# The task:
Below are some records. Print exactly the lines between the one holding "The work streams" and the one holding "Pump, Whisperflo, 230V, 1Hp, 2 Spd, w/ Switch", inclusive, and nothing else.

# Records for the task:
____________
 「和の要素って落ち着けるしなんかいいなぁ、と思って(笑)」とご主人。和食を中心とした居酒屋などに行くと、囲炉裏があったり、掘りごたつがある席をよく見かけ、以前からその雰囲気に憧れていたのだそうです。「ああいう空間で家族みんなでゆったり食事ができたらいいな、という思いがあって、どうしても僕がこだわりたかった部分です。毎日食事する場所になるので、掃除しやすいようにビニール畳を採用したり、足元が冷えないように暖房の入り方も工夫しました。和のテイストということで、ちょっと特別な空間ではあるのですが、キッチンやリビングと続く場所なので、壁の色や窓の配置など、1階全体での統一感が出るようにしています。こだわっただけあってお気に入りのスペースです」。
____________
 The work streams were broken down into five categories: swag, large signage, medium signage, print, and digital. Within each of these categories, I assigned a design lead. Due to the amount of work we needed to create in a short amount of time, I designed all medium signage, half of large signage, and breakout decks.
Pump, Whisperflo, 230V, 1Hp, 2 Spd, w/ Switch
____________
# Result of this task:
 The work streams were broken down into five categories: swag, large signage, medium signage, print, and digital. Within each of these categories, I assigned a design lead. Due to the amount of work we needed to create in a short amount of time, I designed all medium signage, half of large signage, and breakout decks.
Pump, Whisperflo, 230V, 1Hp, 2 Spd, w/ Switch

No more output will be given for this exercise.